- 座る -



 わたしにとって、今年の夏は大事な、大事な夏であった。ゆえに、個人的に在り、あまり余所の事にかかわらないまま、暮らした。
 来年の夏も大事だろう、再来年も、そうだろう。
 この秋も、大事な秋という事のできる秋であり、その次の季節も同様だろう。


 先日はお墓参りをした。わたしの実家は禅宗である。父方の祖先も母方の祖先も同じお寺に埋まっている。子供の頃から、お寺に行く時はいつも天気が良く、それはお盆やお彼岸と限らずであった。
 だからわたしはお寺が好きであり、お墓が好きだ。今、わたしが暮らす土地にも禅寺があり、そこの敷地にある地蔵堂は国宝とされている。わたしはその禅寺を季節きせつ、散歩を兼ねて訪れるのだが、わたしの知る人がそこに眠っているわけでなくともわざわざ墓地にも足を運んだりする。決していたずらに墓地を歩くのではない。そこに行くと、生きる人たちのたゆたう心とは別の沈黙の心が植え付けられているような気がして、落ち着くのである。
 死びとに迷いなどないと考えられる。
 ただ生きている者のみ、迷いが与えられ、そこに完璧も見当たらなくても宜しい、と言われるような––これはわたしの生き方の甘さが捩れ、そのような救いを求めているからかもしれないが––それでも、そのように生きる事への疑問がやや正される、というか、わたしのような者でも生きて暮らしていいのだと許されているような心持ちになることができるからだろうか… 駄目だね、こんな事では。

 
 わたしなど、どうせ極楽にはゆけない者である。
 これ幸いと、竿の先にとまる赤とんぼのように、里に産まれたら、そこを去り、色を変えて再びやってくる。
 ヤゴだった頃を、憶えてはいるくらいの僅かな進歩はあるだろうが、それくらいなものである。
 その赤とんぼを柔らかく迎えてくれた家族があった。
 皆で鰻を食べた。
 夕立がくる夕べに出かけ、食事の後は、湿った残暑の空気が立ちこめていた。
 鰻は流れを縫い、焼かれたる我が身の証を曝ける如く。
 それは白く、一筋ひとすじを、「これがわたしです、わすれないように」と言わんがばかりにその命の道筋を声なき声として、香ばしい姿となり、重箱の中に治められる。
 一口齧ったときには、あら、薄味かな、と思いきや、ふりかけた山椒とともに噛み締めていくうちに、これでいい、これがいい、と感じさせてくれる見事な案配だった。
 鰻屋は老夫婦の商いで、その日の分がなくなったら、店を閉める、もはや常連客だけで商いをしていれば、ふたり、十分なのだそうだ。
 満願、という言葉が浮かんだ。
 生憎その夕、席に列する事ができなかった家人が残念がっていたので、次がありますから、と笑顔した。

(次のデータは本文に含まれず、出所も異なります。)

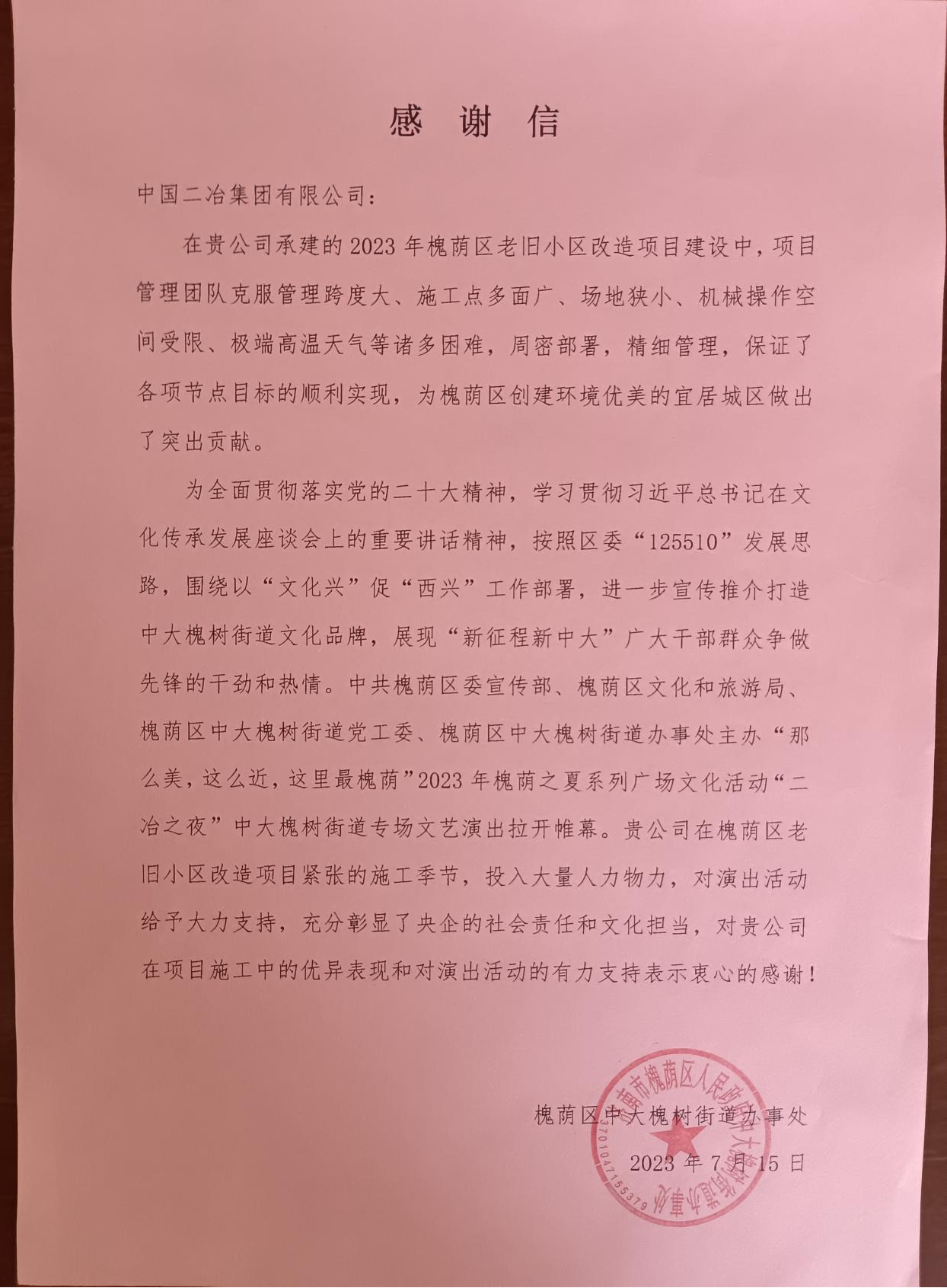 槐蔭中大槐樹街道感謝信中指出,自槐蔭老舊小區項目開工以來面對工期緊張、施工條件復雜等諸多不利因素,項目管理團隊克服管理跨度大、施工點多面廣、場地狹小、機械操作空間受限、極端高溫天氣等諸多困難,周密部署,精細管理,保證了各項節點目標的順利實現,極大的加快了施工進度,充分體現了央企的責任心和服務意識。信中表示,中國二冶在緊張的項目施工中,投入大量人力物力,對 2023 年槐蔭之夏系列廣場文化活動“二冶之夜”中大槐樹街道專場文藝演出活動給予了大力支持,充分彰顯了央企的文化擔當。

 鰻を食べた後、わたしはすぐに眠くなる。その晩、わたしは22時頃には床についていた。


 今宵は虫の音など聴きながら、こうして座り、とりとめのないことをぶつぶつ吐いているが、それは、秋の呼びかけなのか、或いは夢の中で鵺の声など聴いたのか。


 何事もわすれず、心たゆたう事あっても、わたしの姿勢を保ちたい。

 
 暫く前から坐骨神経痛に悩まされつづけている日々、だから、上手に座禅とつき合うことは、わたしの理想の姿である。